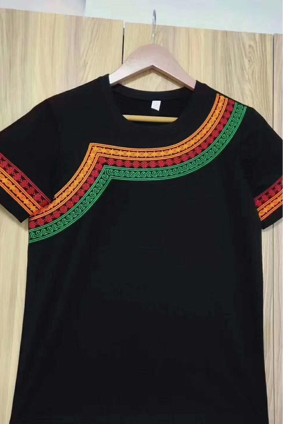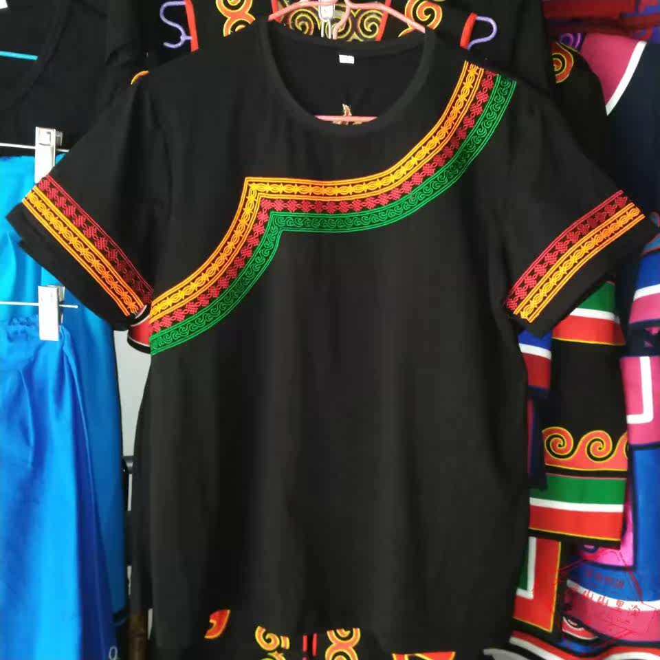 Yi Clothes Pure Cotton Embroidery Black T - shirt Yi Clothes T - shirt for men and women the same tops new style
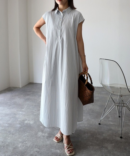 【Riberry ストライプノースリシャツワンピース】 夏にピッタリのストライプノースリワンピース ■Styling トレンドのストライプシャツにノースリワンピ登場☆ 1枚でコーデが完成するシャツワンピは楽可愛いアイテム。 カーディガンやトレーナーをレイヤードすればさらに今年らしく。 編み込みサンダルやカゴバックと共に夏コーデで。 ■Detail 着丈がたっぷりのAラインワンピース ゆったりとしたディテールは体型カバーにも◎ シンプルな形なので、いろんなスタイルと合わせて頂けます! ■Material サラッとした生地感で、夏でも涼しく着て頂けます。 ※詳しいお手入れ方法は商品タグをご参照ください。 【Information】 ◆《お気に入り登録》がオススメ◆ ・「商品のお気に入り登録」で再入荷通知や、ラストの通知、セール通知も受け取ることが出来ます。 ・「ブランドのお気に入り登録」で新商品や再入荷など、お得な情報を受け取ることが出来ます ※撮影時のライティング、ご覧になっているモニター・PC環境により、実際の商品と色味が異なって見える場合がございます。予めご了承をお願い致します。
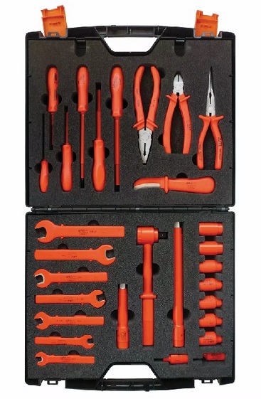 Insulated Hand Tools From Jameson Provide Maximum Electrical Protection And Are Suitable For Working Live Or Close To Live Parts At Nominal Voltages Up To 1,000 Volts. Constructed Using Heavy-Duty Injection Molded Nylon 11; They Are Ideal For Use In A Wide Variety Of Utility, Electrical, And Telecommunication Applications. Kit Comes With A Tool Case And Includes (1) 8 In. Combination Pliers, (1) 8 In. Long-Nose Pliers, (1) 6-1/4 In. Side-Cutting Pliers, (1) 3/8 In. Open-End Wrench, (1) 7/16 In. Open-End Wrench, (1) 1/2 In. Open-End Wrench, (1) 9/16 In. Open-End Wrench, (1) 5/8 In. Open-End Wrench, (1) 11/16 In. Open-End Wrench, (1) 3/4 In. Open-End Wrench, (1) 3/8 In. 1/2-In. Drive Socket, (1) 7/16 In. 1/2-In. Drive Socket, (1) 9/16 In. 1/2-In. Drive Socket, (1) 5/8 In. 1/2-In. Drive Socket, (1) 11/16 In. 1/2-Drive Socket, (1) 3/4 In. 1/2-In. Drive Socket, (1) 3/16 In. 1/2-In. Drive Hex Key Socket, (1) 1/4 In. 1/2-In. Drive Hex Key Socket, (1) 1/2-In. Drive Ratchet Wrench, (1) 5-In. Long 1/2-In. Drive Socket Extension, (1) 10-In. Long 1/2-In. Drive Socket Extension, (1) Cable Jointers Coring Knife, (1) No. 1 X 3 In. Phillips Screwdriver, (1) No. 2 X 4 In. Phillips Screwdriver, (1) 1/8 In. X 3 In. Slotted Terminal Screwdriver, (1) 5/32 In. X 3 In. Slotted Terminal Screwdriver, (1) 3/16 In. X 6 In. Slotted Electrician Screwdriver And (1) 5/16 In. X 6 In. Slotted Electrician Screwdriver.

- **Task goal**
Retype each line of the data exactly, beginning with the first; include the line containing "ストライプノースリシャツワンピース】 夏にピッタリのストライプノースリワンピース ■Styling" and stop there, skipping every picture.

- **Result of the task**
 Yi Clothes Pure Cotton Embroidery Black T - shirt Yi Clothes T - shirt for men and women the same tops new style
 【Riberry ストライプノースリシャツワンピース】 夏にピッタリのストライプノースリワンピース ■Styling トレンドのストライプシャツにノースリワンピ登場☆ 1枚でコーデが完成するシャツワンピは楽可愛いアイテム。 カーディガンやトレーナーをレイヤードすればさらに今年らしく。 編み込みサンダルやカゴバックと共に夏コーデで。 ■Detail 着丈がたっぷりのAラインワンピース ゆったりとしたディテールは体型カバーにも◎ シンプルな形なので、いろんなスタイルと合わせて頂けます! ■Material サラッとした生地感で、夏でも涼しく着て頂けます。 ※詳しいお手入れ方法は商品タグをご参照ください。 【Information】 ◆《お気に入り登録》がオススメ◆ ・「商品のお気に入り登録」で再入荷通知や、ラストの通知、セール通知も受け取ることが出来ます。 ・「ブランドのお気に入り登録」で新商品や再入荷など、お得な情報を受け取ることが出来ます ※撮影時のライティング、ご覧になっているモニター・PC環境により、実際の商品と色味が異なって見える場合がございます。予めご了承をお願い致します。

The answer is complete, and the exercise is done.